* _What is being asked_: Every line from the first one in the data below through the line holding "Длинноволосым девушкам справиться" is to be written out exactly, with the pictures omitted.
╭──
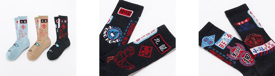 きらびやかに輝くネオンの看板が懐かしい街並み、路地裏のいたるところで売られているのを見かけた麻雀牌、漢字とはまた異なる香港数字、縁起の良い金魚、点心が食べたくなるような茶器を思わせる刺繍デザイン、熱気を帯びた香港のイメージを詰め込んだラインナップです。
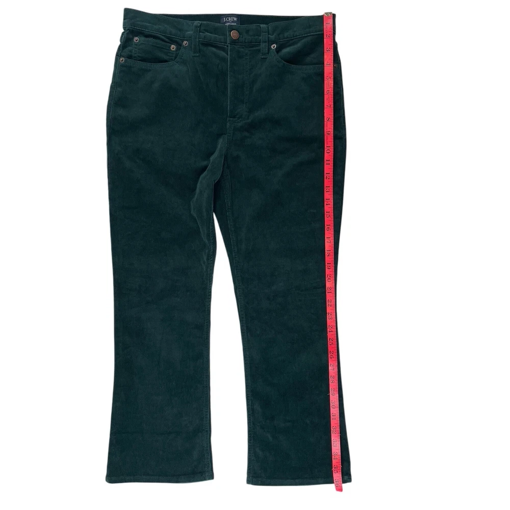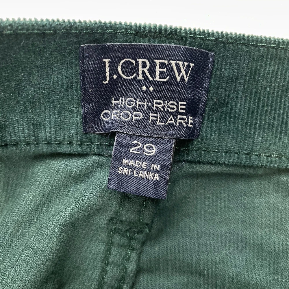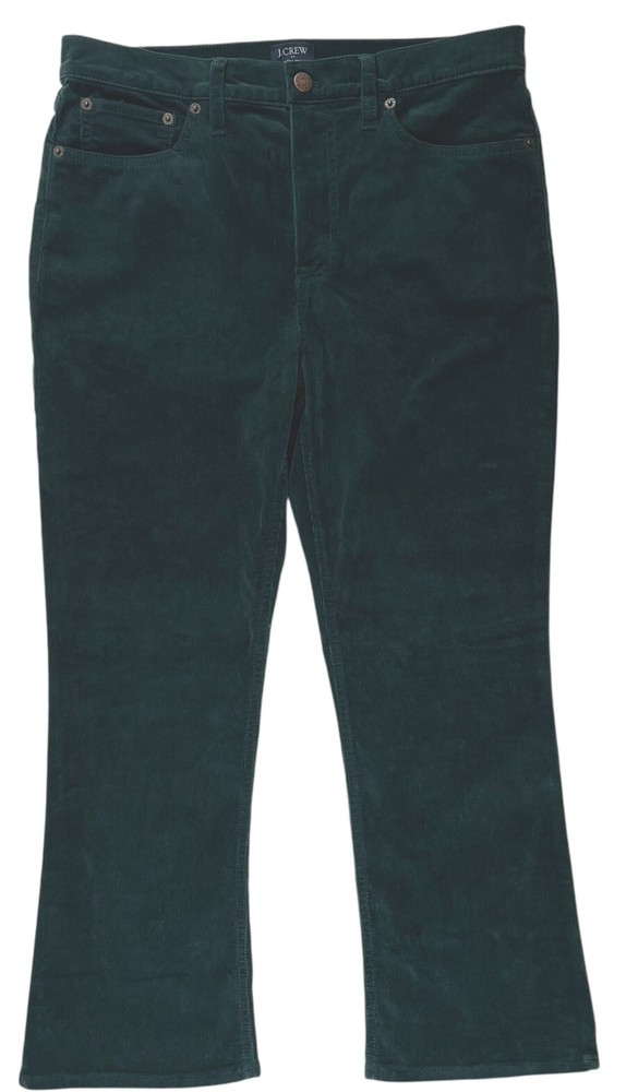 J Crew HighRise Crop Flare Corduroy Pants Womens 29 Emerald Green Academia Cozy Comfort Trendy Measurements: 16" Waist. 11" Rise. 26" Inseam. 36" Top of Waist to Hem. Please view photos as part of description. Sold as Pictured. Thank you for shopping Lambnlinen!
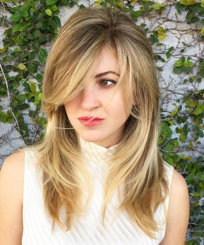 Длинноволосым девушкам справиться с укладкой гораздо проще. Достаточно регулярно подстригать челку и кончики волос. Для объемной прически длинные волосы можно подстричь каскадом или лесенкой.
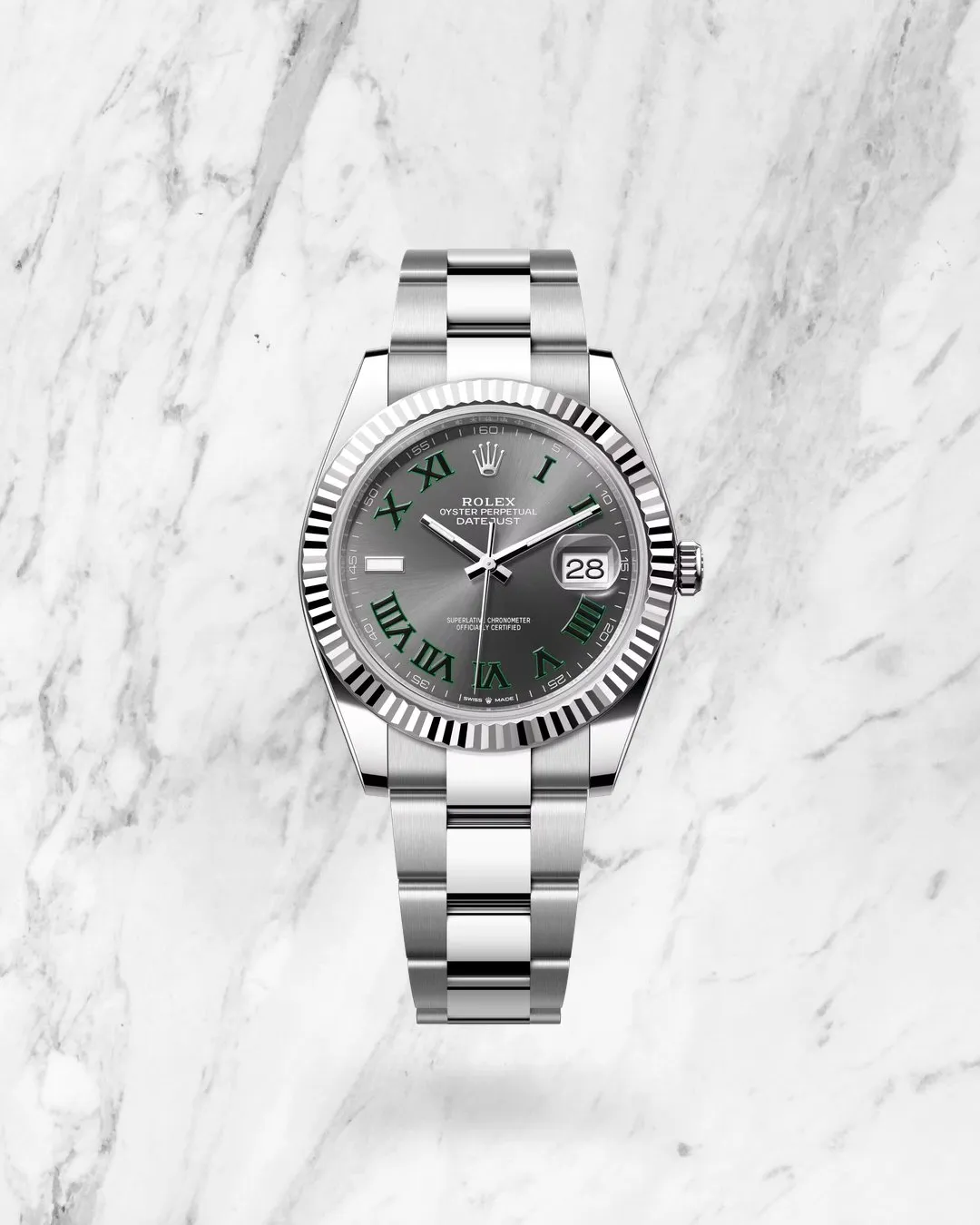 Rolex Datejust 41mm, Oystersteel & White Gold, Fluted bezel, Slate with Green Roman Numerals (Wimbledon) dial, Oyster bracelet.
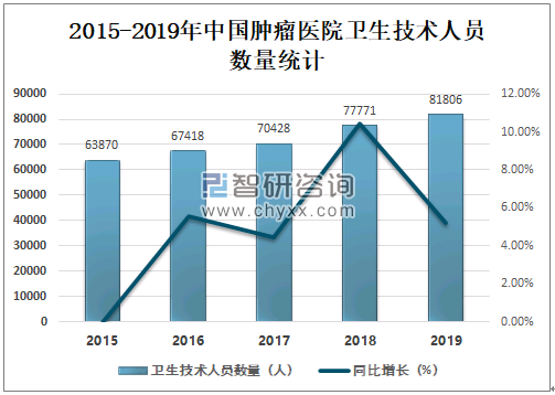 2015-2019年中国肿瘤医院各类卫生技术人员数量统计
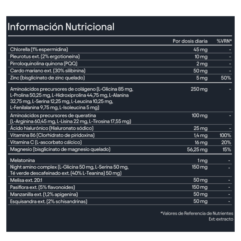 Complemento alimenticio en viales diseñado para la noche que combina aminoácidos, vitaminas, minerales y extractos botánicos para apoyar el descanso y el cuidado capilar.
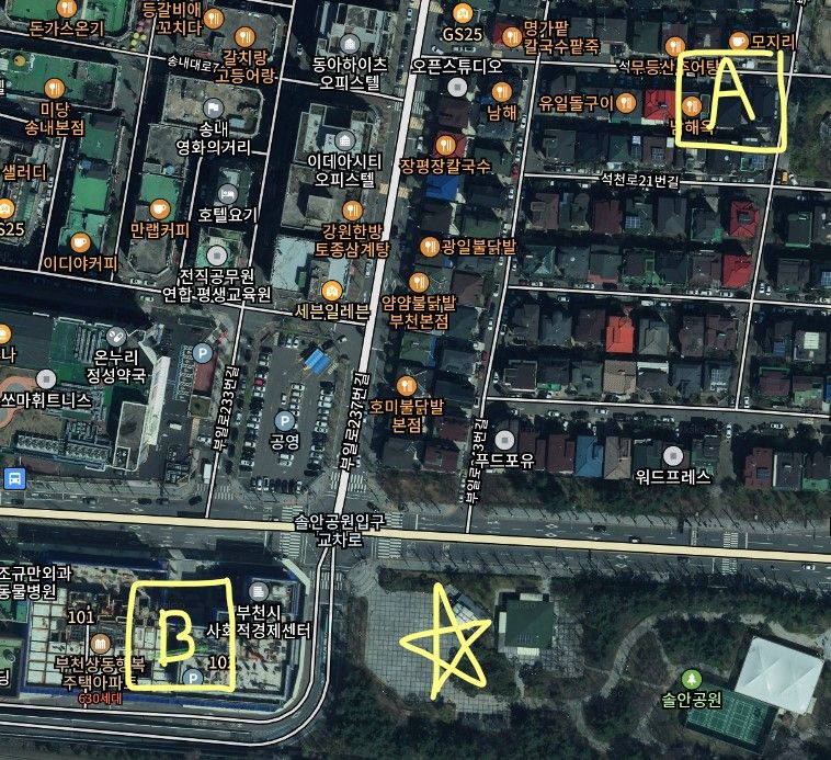 추가적으로, 당시 축제가 진행된 공원 바로 옆에는 35층짜리 고층 아파트(그림의 B)가 있는데요. 그 아파트 층고를 4m라고 가정해봐도 35층(top 층)과 공원과의 거리가 길어야 160m를 못 넘겨요(높이 140m, 아파트 1층 입구와 공원과의 거리를 최대 40m라고 감안하더라도). 그러면 top층인 35층에서 들리는 소리는 더 크게 들릴까요? 혹시 과학적인 원리에 의해 소리가 옆으로 이동하는 거랑 위로 이동하는 거에 차이가 생겨서 거리가 가까운데도 오히려 작게 들리고 이러는 건 아니겠죠?
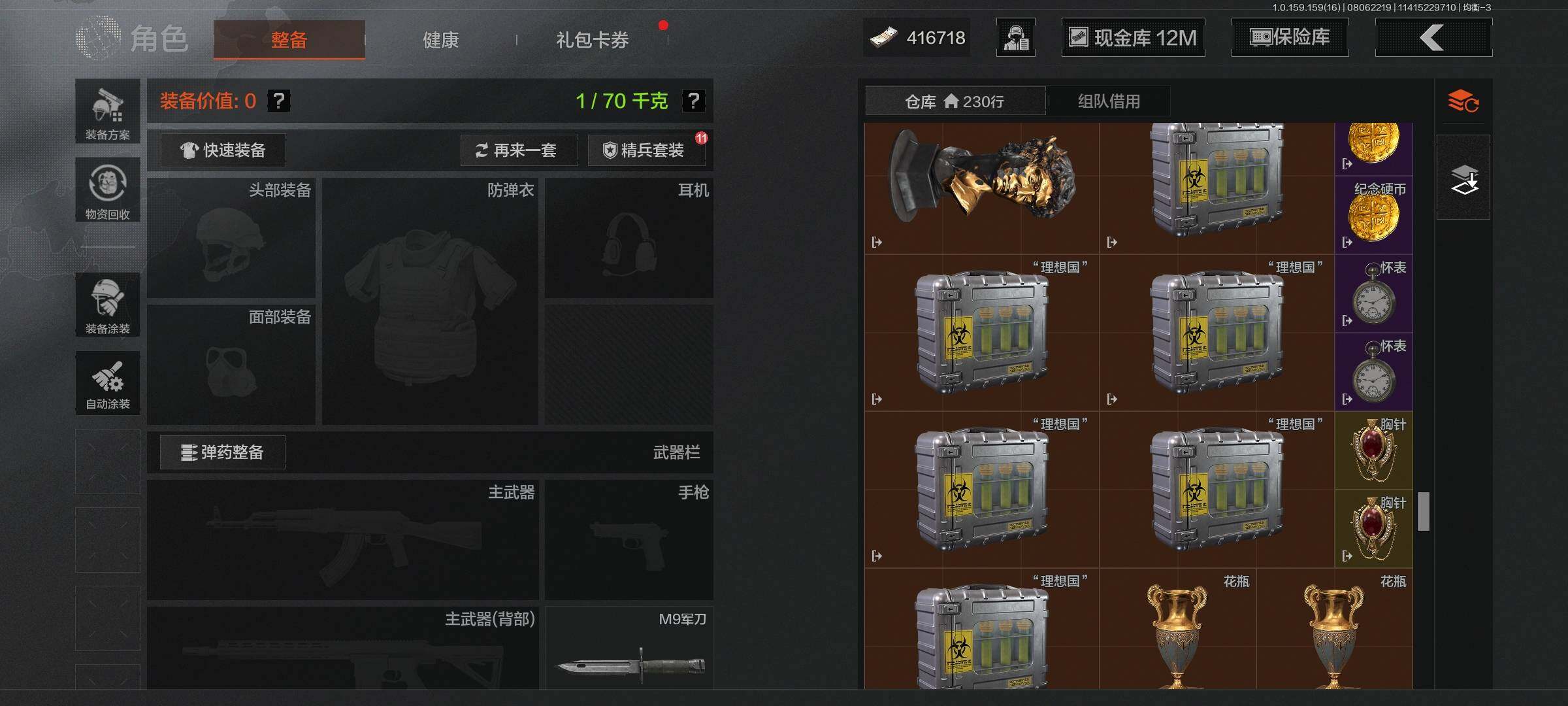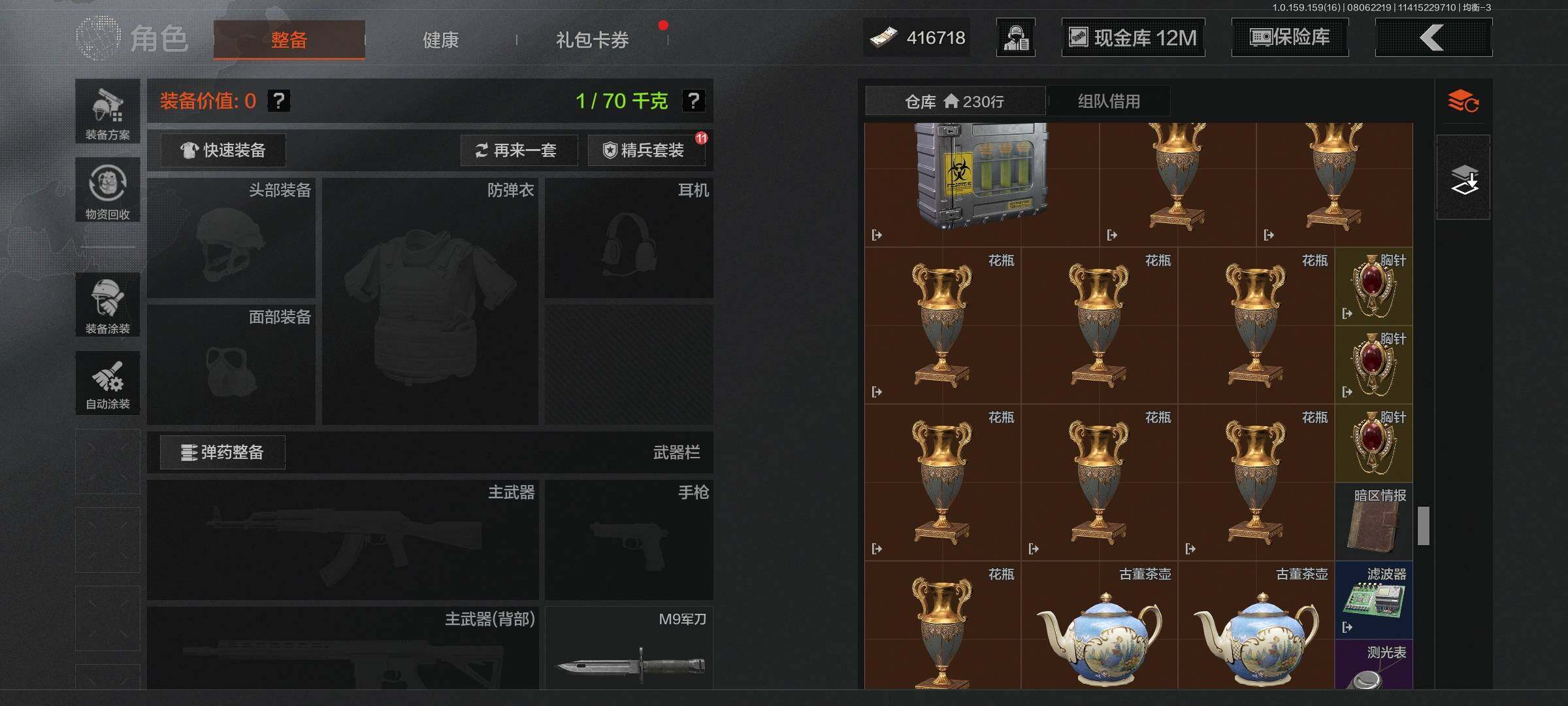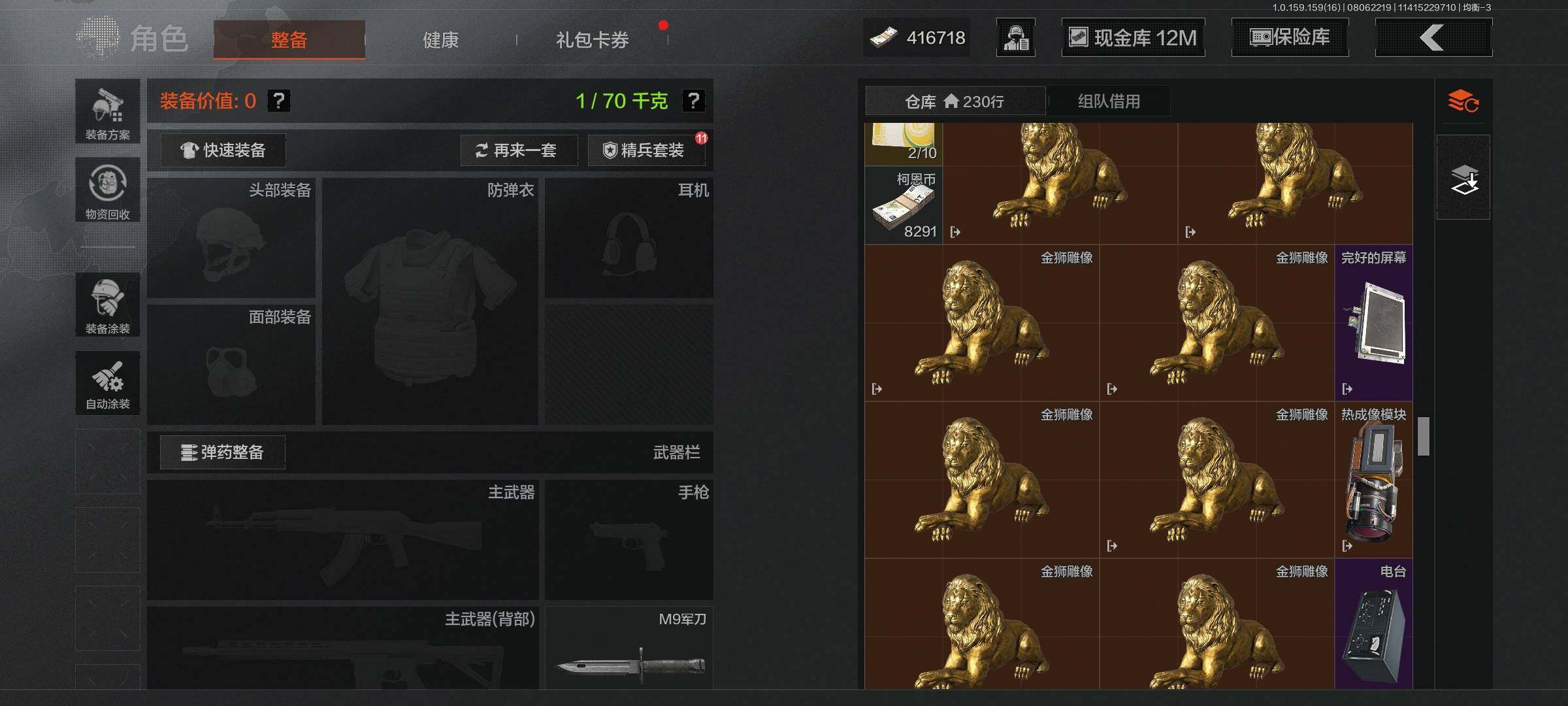 [10468630]暗区 可二次 欧皇摸金号 多大金 仓库价值80.2m 现金1200万 理想国 秋宴fal 火力倾泻aug 理想国陈列 金狮雕像 盛宴雕像 理想国 花瓶 古董茶壶 宝石项链 义手模型 石中剑 ,“理想国”试剂盒,盛宴雕塑,金狮子,花瓶,茶壶
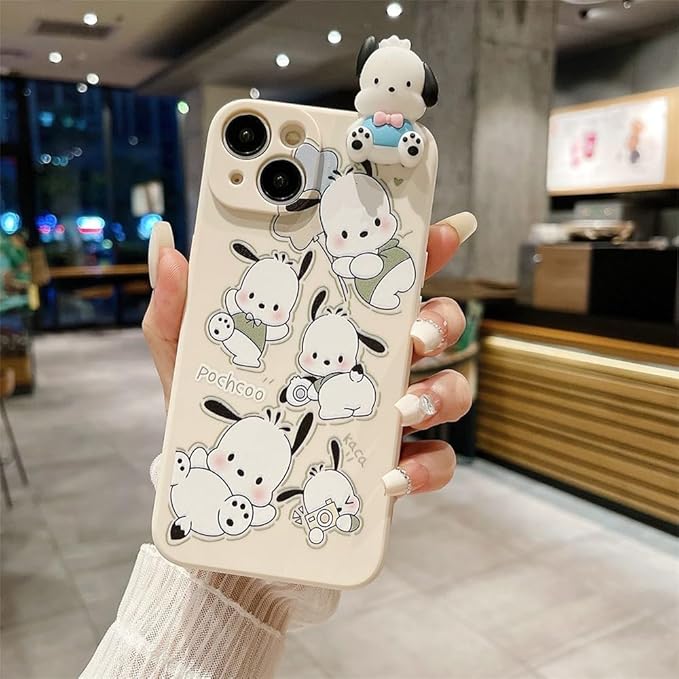 Arpe ポチャッコ スマホケース シリコーン素材 iPhone 17 Pro Max 用 ケース かわいい ポチャッコ アイフォン 17 Pro Max 用 ケース (6.9インチ) 3D キックスタンド 傷つきにくさを向上 柔らかい殻 カラー(白)
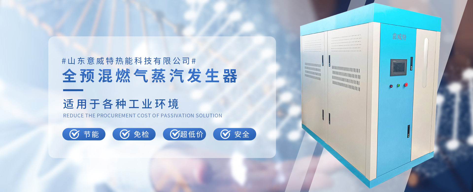 山東意威特熱能科技有限公司研發生產銷售:全預混蒸汽發生器,具有節能、超低氮NOX排放、低噪音、水容量少、啟動快、重量輕等特點。適用于各種工業環境、節能、免檢、超低氮、安全。
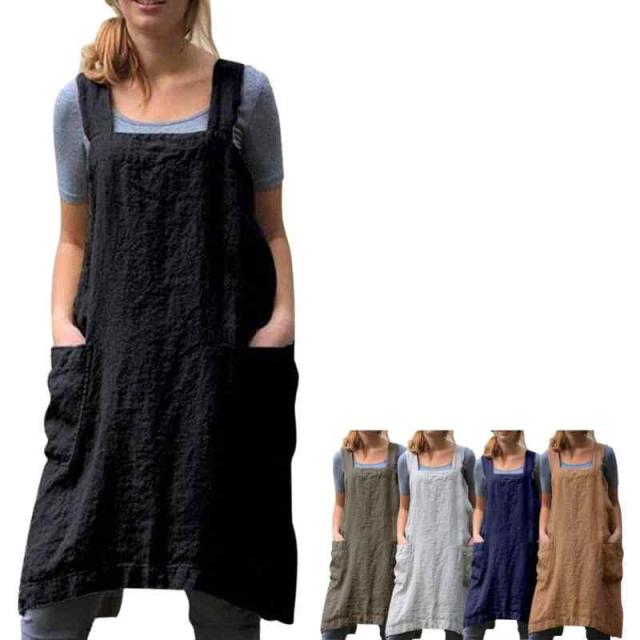 [RioSole] レディース クロスバックエプロン 綿麻素材 前ポケット付き ゆったり大きめサイズ ガーデニング 家事用 保育士にも (4XL, ブラック)
╰──
* _Task output_:
 きらびやかに輝くネオンの看板が懐かしい街並み、路地裏のいたるところで売られているのを見かけた麻雀牌、漢字とはまた異なる香港数字、縁起の良い金魚、点心が食べたくなるような茶器を思わせる刺繍デザイン、熱気を帯びた香港のイメージを詰め込んだラインナップです。
 J Crew HighRise Crop Flare Corduroy Pants Womens 29 Emerald Green Academia Cozy Comfort Trendy Measurements: 16" Waist. 11" Rise. 26" Inseam. 36" Top of Waist to Hem. Please view photos as part of description. Sold as Pictured. Thank you for shopping Lambnlinen!
 Длинноволосым девушкам справиться с укладкой гораздо проще. Достаточно регулярно подстригать челку и кончики волос. Для объемной прически длинные волосы можно подстричь каскадом или лесенкой.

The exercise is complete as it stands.